[EXERCISE DESCRIPTION] When you restate the entries that follow, keep every word exactly and drop the pictures.

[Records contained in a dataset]
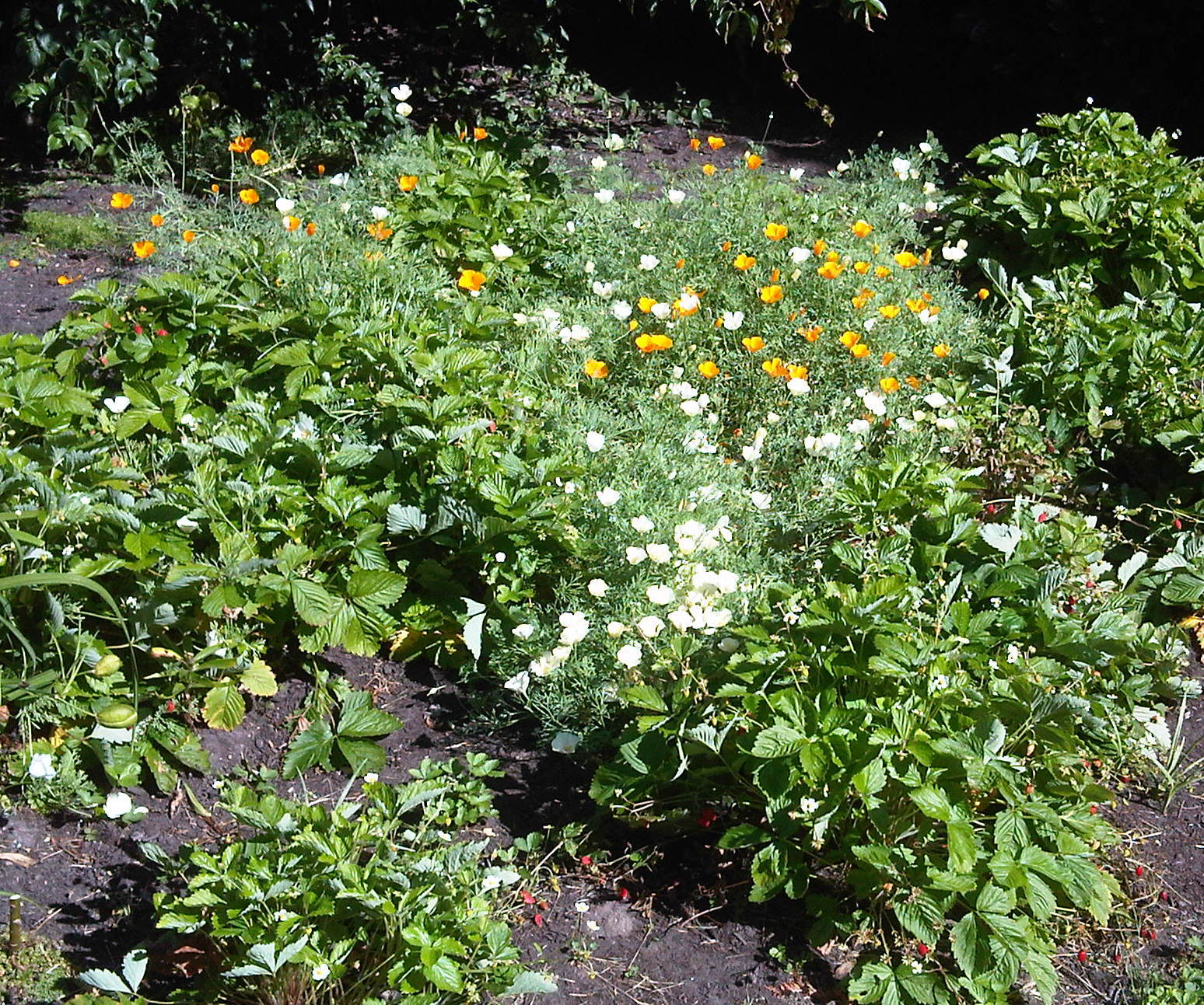 This year the strawberries have been particularly productive. Note that half of the the plants in the front yard produce albino berries and seem sweeter than the red ones. One reason for the high productivity this year may be due to the fact that the berries are located near California poppies, which attract a lot of bees. Interestingly enough, about half of the poppies in the front of the yard are also albinos.
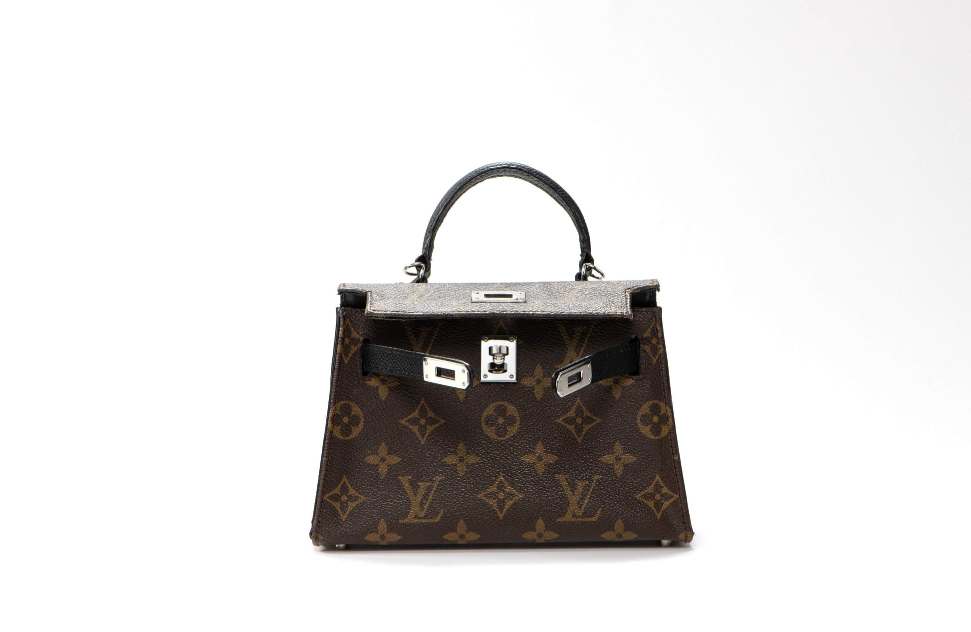 This bag was handcrafted using authentic LV monogram canvas, black epsom leather and premium silver tone hardware.
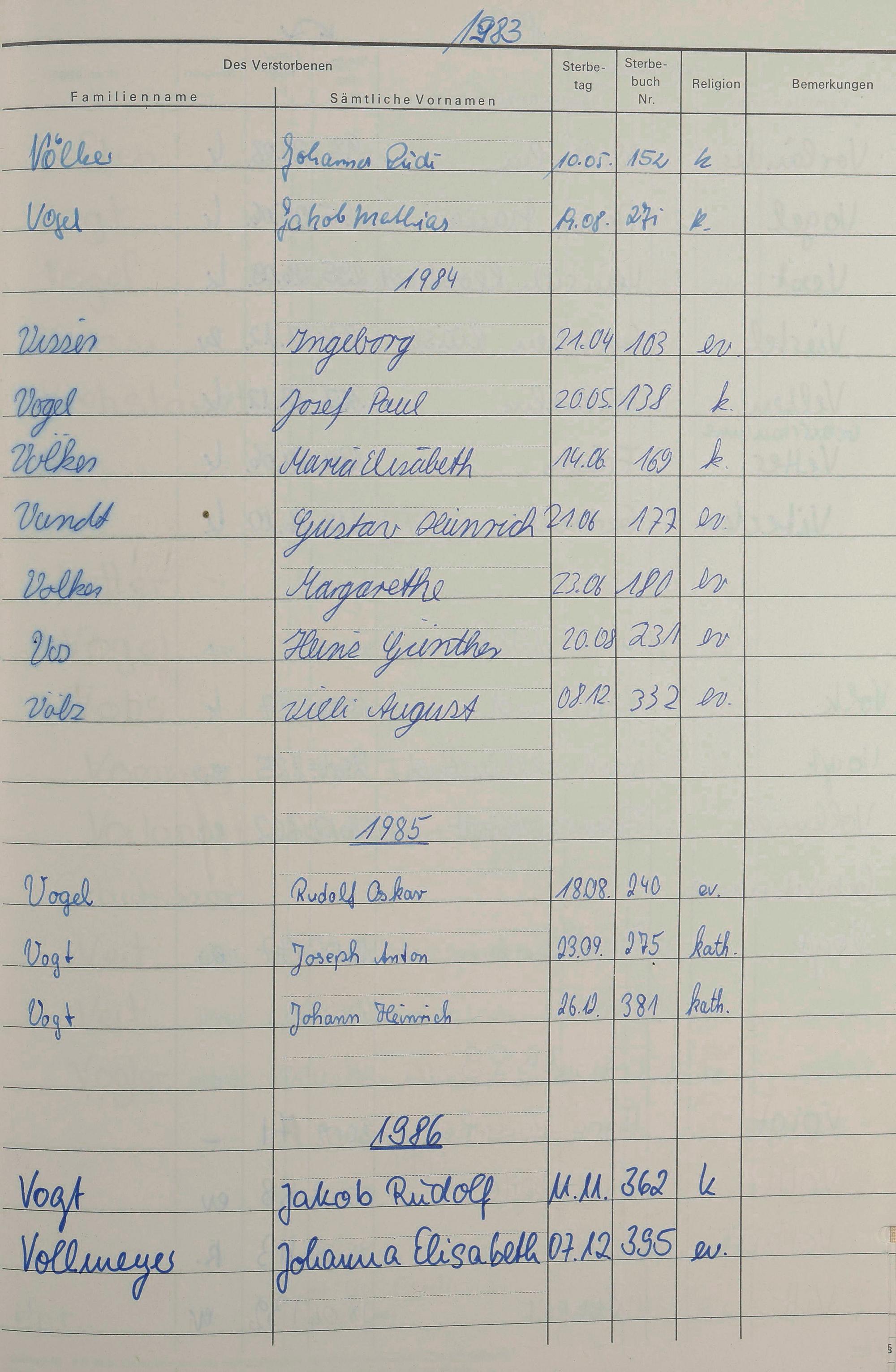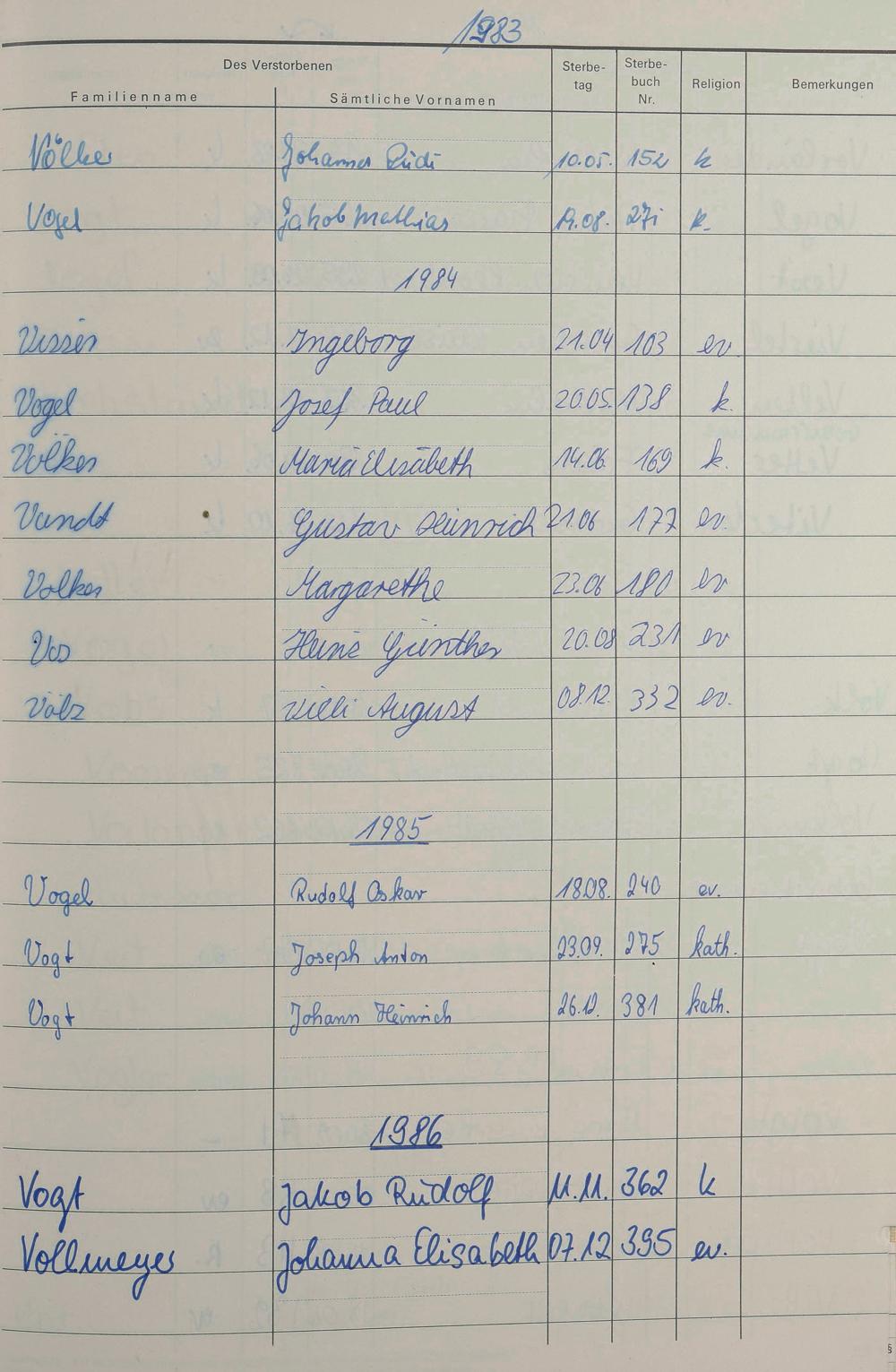 V - Register Sterbefälle 1974-1995
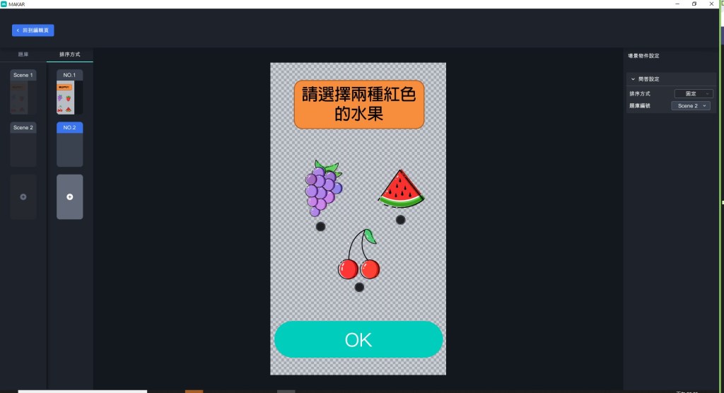 ● 題目物件 > 新增素材 > 圖片 > 選擇Q2.png
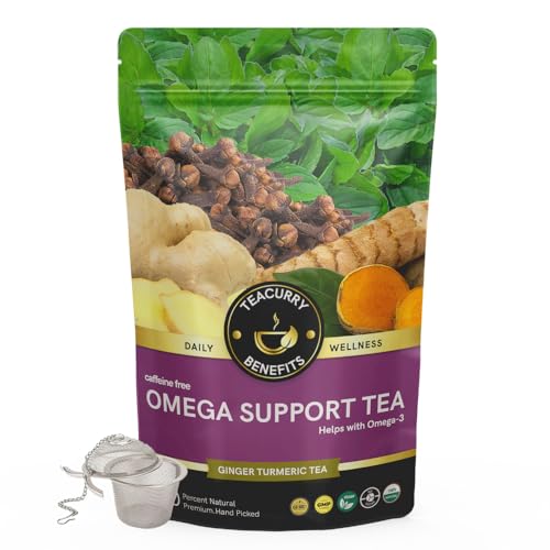 Teacurry Omega Support Tea (2 Month Pack | 200 gram Loose + Infuser) - Powerful Vegan Blend Rich in Omega 3 for Joints Hair Eyes and Brain
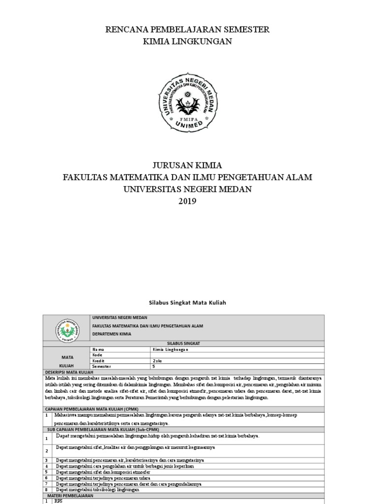 Cetak Matakuliah Kurikulum - Kimia UNP
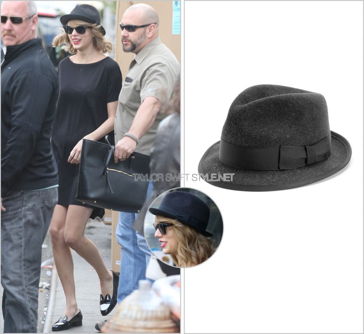 Taylor supported musical bestie Ed Sheeran by attending his NYC show at the Hammerstein Ballroom. She wore this textured, sheer-sleeve Rag & Bone LBD while rocking out to “Sing”.
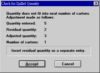 按 Accept, 數量先換成 adjusted quantity, 箱數為 number of cartons. 按 Insert 存檔後, 緊接著數量會換成 Residual quantity, Outer 亦改為 Residual quantity, 箱數變為 1. 這個表示尾箱, 所以你可視需要調整材數和重量. 若按 Cancel, 你應自行修改數量或 Outer, 讓數量能成為整箱. 再按 Insert 存檔. |
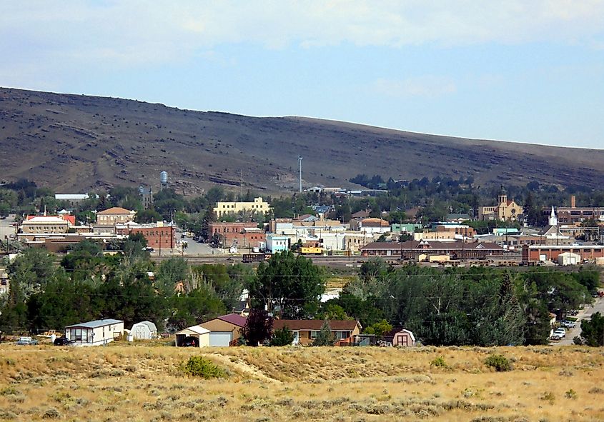 素朴な建物が並ぶワイオミング州ローリンズのダウンタウン。 (Vasiliymeshko 著 – 自身の著作、CC BY-SA 4.0、ウィキメディア コモンズ。)
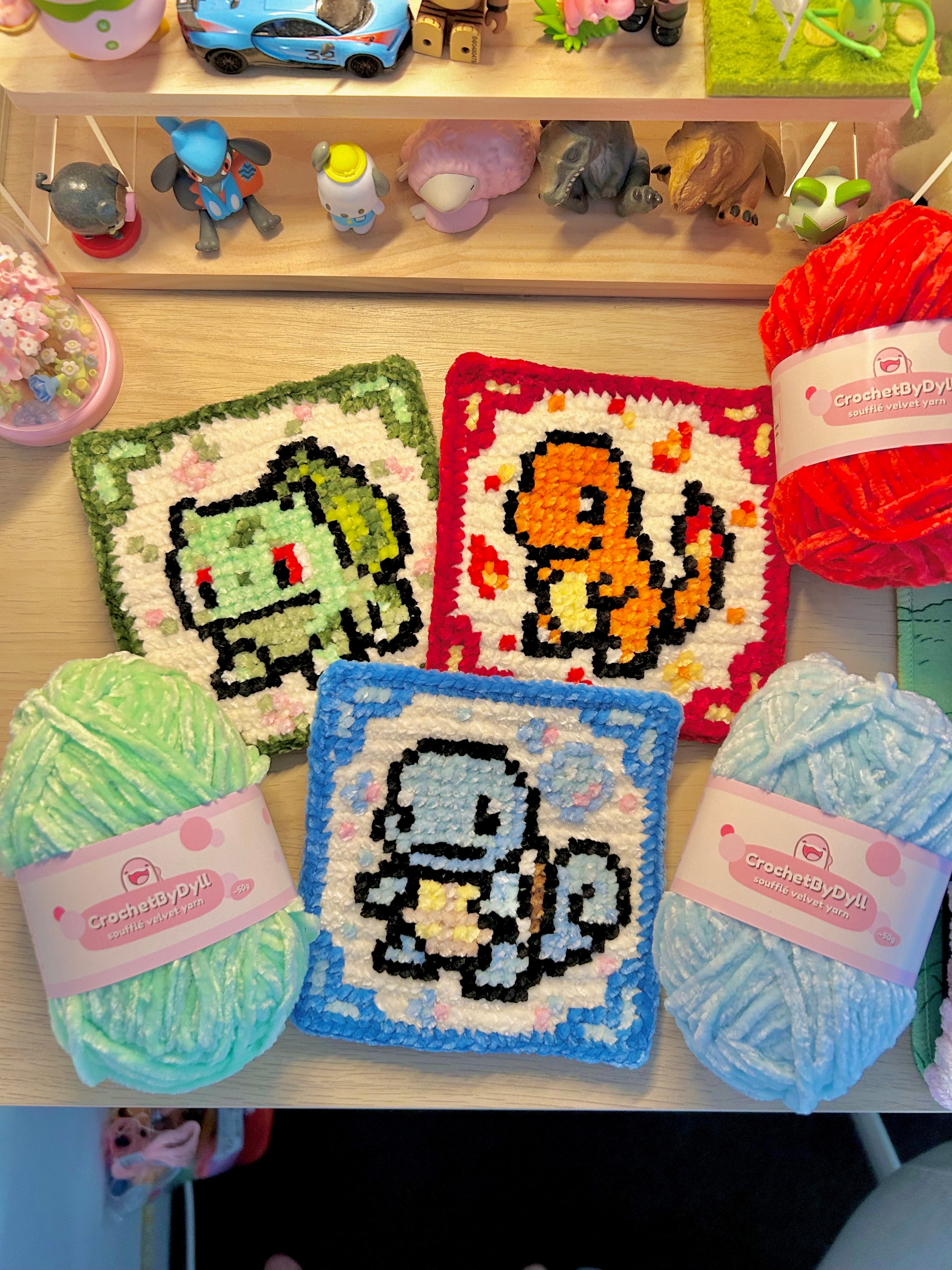 Gen 1 Starter Trio Crochet x Cross-Stitch Pattern Bundle – Bulbasaur, Charmander & Squirtle-Inspired
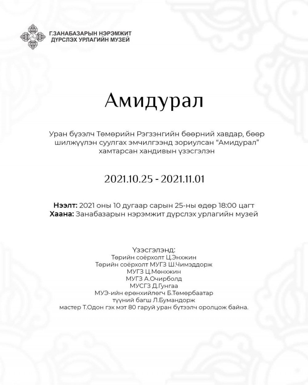 Тэрбээр “Миний найз зураач Т.Рэгзэн хүндээр өвдөж, одоогоор хоёр бөөр нь 95 хувь нь ажиллагаагүй болсон. Нэг талынх нь бөөрөн дээр хавдар үүссэн, биеийн байдал нь хүнд байна. Тиймээс зураачийн маань ах дүү, хамаатан садан, найз нөхөд нийлж, Амидурал гэх хандивын үзэсгэлэн худалдааг зохион байгуулах гэж байна. Энэ сарын 25-наас 7 хоногийн хугацаанд Занабазарын нэрэмжит дүрслэх урлагийн музейд болох уг үзэсгэлэнд Төрийн соёрхолт Ц.Энхжин, Төрийн соёрхолт, Урлагийн гавьяат зүтгэлтэн Ш.Чимэддорж, Урлагийн гавьяат зүтгэлтэн Ц.Мөнхжин нарын 80 гаруй уран бүтээлчдийн бүтээл тавигдахаас одоогоор 40 гаруй бүтээл нь цуглараад байна” гэлээ.

[WRITTEN ANSWER]
 This year the strawberries have been particularly productive. Note that half of the the plants in the front yard produce albino berries and seem sweeter than the red ones. One reason for the high productivity this year may be due to the fact that the berries are located near California poppies, which attract a lot of bees. Interestingly enough, about half of the poppies in the front of the yard are also albinos.
 This bag was handcrafted using authentic LV monogram canvas, black epsom leather and premium silver tone hardware.
 V - Register Sterbefälle 1974-1995
 ● 題目物件 > 新增素材 > 圖片 > 選擇Q2.png
 Teacurry Omega Support Tea (2 Month Pack | 200 gram Loose + Infuser) - Powerful Vegan Blend Rich in Omega 3 for Joints Hair Eyes and Brain
 Cetak Matakuliah Kurikulum - Kimia UNP
 Taylor supported musical bestie Ed Sheeran by attending his NYC show at the Hammerstein Ballroom. She wore this textured, sheer-sleeve Rag & Bone LBD while rocking out to “Sing”.
 按 Accept, 數量先換成 adjusted quantity, 箱數為 number of cartons. 按 Insert 存檔後, 緊接著數量會換成 Residual quantity, Outer 亦改為 Residual quantity, 箱數變為 1. 這個表示尾箱, 所以你可視需要調整材數和重量. 若按 Cancel, 你應自行修改數量或 Outer, 讓數量能成為整箱. 再按 Insert 存檔. |
 素朴な建物が並ぶワイオミング州ローリンズのダウンタウン。 (Vasiliymeshko 著 – 自身の著作、CC BY-SA 4.0、ウィキメディア コモンズ。)
 Gen 1 Starter Trio Crochet x Cross-Stitch Pattern Bundle – Bulbasaur, Charmander & Squirtle-Inspired
 Тэрбээр “Миний найз зураач Т.Рэгзэн хүндээр өвдөж, одоогоор хоёр бөөр нь 95 хувь нь ажиллагаагүй болсон. Нэг талынх нь бөөрөн дээр хавдар үүссэн, биеийн байдал нь хүнд байна. Тиймээс зураачийн маань ах дүү, хамаатан садан, найз нөхөд нийлж, Амидурал гэх хандивын үзэсгэлэн худалдааг зохион байгуулах гэж байна. Энэ сарын 25-наас 7 хоногийн хугацаанд Занабазарын нэрэмжит дүрслэх урлагийн музейд болох уг үзэсгэлэнд Төрийн соёрхолт Ц.Энхжин, Төрийн соёрхолт, Урлагийн гавьяат зүтгэлтэн Ш.Чимэддорж, Урлагийн гавьяат зүтгэлтэн Ц.Мөнхжин нарын 80 гаруй уран бүтээлчдийн бүтээл тавигдахаас одоогоор 40 гаруй бүтээл нь цуглараад байна” гэлээ.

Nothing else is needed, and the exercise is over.